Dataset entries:
───
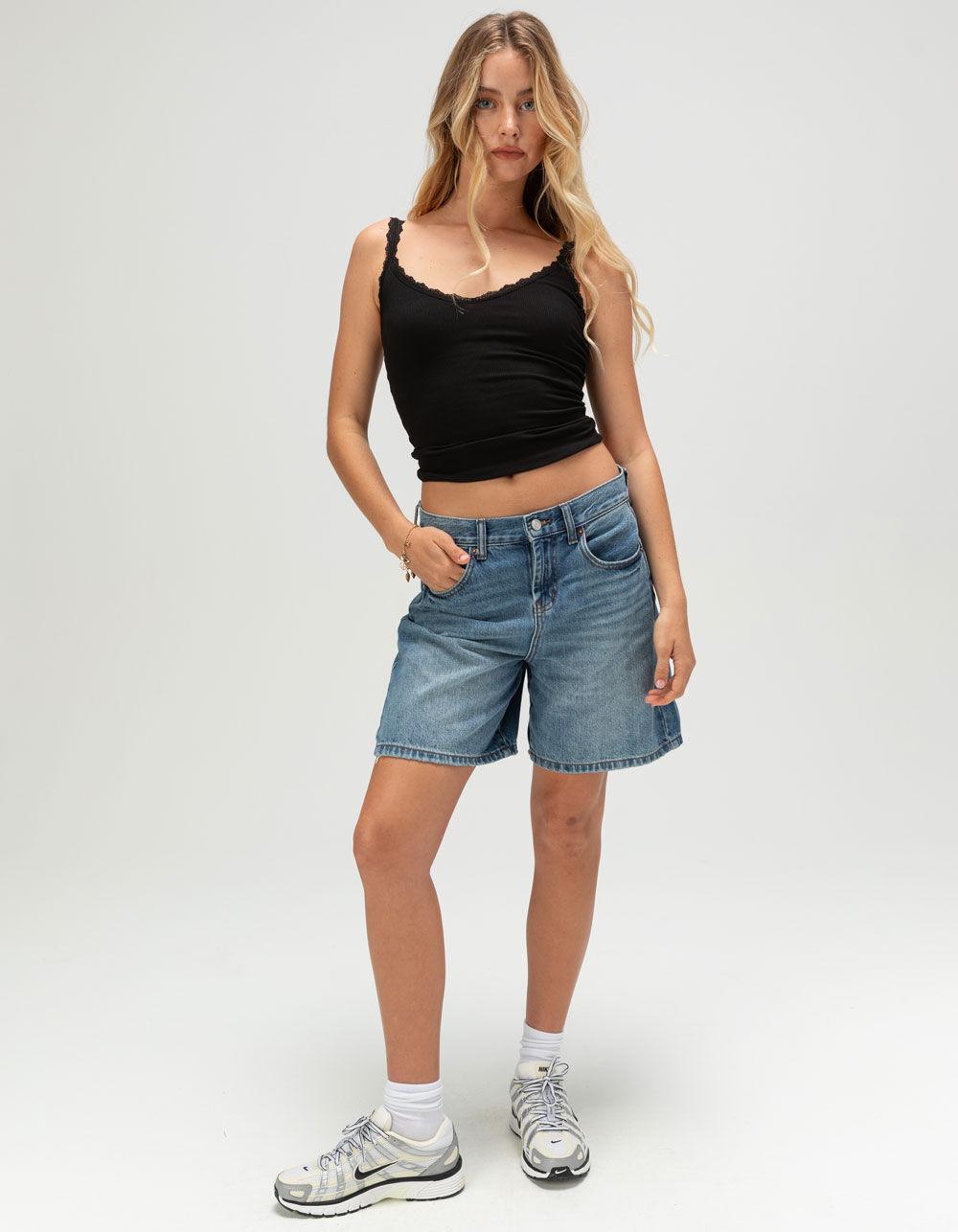 BLACK. Heart & Hips Lace Trim V-Neck Cami. The Heart & Hips Lace Trim V-Neck Cami brings a fresh, feminine twist to a classic staple. Made from a soft polyester-spandex blend, this cami features a ribbed fabric that offers a comfortable, body-skimming fit. The V-neckline and delicate lace trim at the neckline and straps add stylish detail, making it an easy pick for layering or wearing on its own. Whether paired with denim or tucked into a skirt, this cami is a versatile must-have for your wardrobe. 96% Polyester 4% Spandex. Hand wash. Imported.
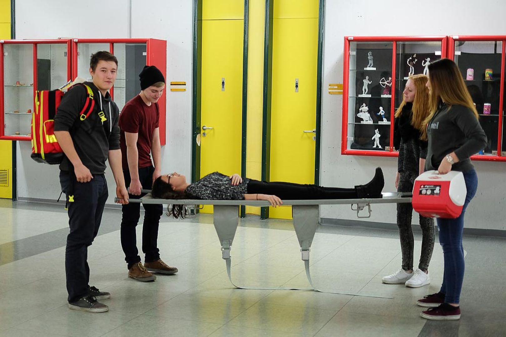 Im Schulalltag werden die Schulsanitäter vor allem bei Sportunfällen, Pausenunfällen oder Erkrankungen alamiert.
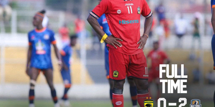 Asante Kotoko suffered their fourth consecutive defeat on Sunday, losing 2-0 to local rivals Nations FC at the Len Clay Stadium in Obuasi. The loss plunges the Porcupine Warriors further into crisis as their once-promising season continues to unravel.
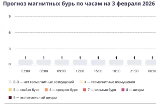 Прогноз магнитных бурь по часам на 3 февраля 2026 года. Инфографика
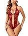 Designs: The ties behind the breast and neck help you easily adjust to how tight you want and how effects you want. Stretchy material and adjustable ties can get everyone perfect fit and comfy. Show your flattering curve perfectly. This lace lingerie bodysuit is a great choice to spice up your life.
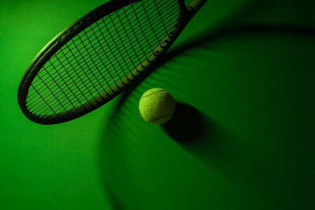 tennis ball with racket on a green background. The concept of sports.
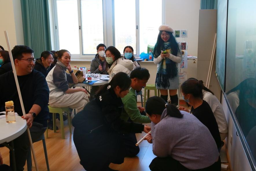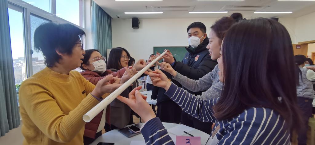 开场的团建活动齐眉棍让教师们快速热身,通过共同合作举起一根细棍,强化了小组的团队凝聚力、专注度和协作力。案例研讨环节更是引起了教师们的极大兴趣。教师们以小组为单位,对随机抽到的案例进行了深入的分析和讨论。每个案例都紧贴教师的实际工作情境,如如何理解和处理学生的情绪问题、如何与家长有效沟通、如何团队协作以及如何处理紧急危机情况等。
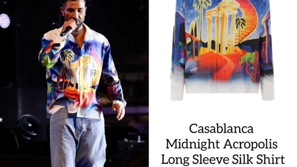 تألق الفنان أحمد سعد بإطلالة لافتة ومفعمة بالألوان والحياة، مرتدياً قميصاً من ماركة "كازابلانكا" الشهيرة.
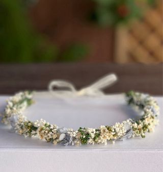Corona de flores de paniculata preservada ideal para comuniones o eventos especiales. - Adornada con pequeñas flores blancas. - Diseño delicado y elegante,se hacen por encargo a medida .
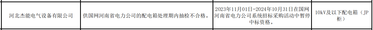 公告显示,河北杰能电气设备有限公司,在供国网河南省电力公司的配电箱处理期内抽检不合格。
───
Problem requirements:
What you give back must match the lines from the start of the records through the line that contains "Im Schulalltag werden", exactly, with the pictures left out.

Exercise output:
 BLACK. Heart & Hips Lace Trim V-Neck Cami. The Heart & Hips Lace Trim V-Neck Cami brings a fresh, feminine twist to a classic staple. Made from a soft polyester-spandex blend, this cami features a ribbed fabric that offers a comfortable, body-skimming fit. The V-neckline and delicate lace trim at the neckline and straps add stylish detail, making it an easy pick for layering or wearing on its own. Whether paired with denim or tucked into a skirt, this cami is a versatile must-have for your wardrobe. 96% Polyester 4% Spandex. Hand wash. Imported.
 Im Schulalltag werden die Schulsanitäter vor allem bei Sportunfällen, Pausenunfällen oder Erkrankungen alamiert.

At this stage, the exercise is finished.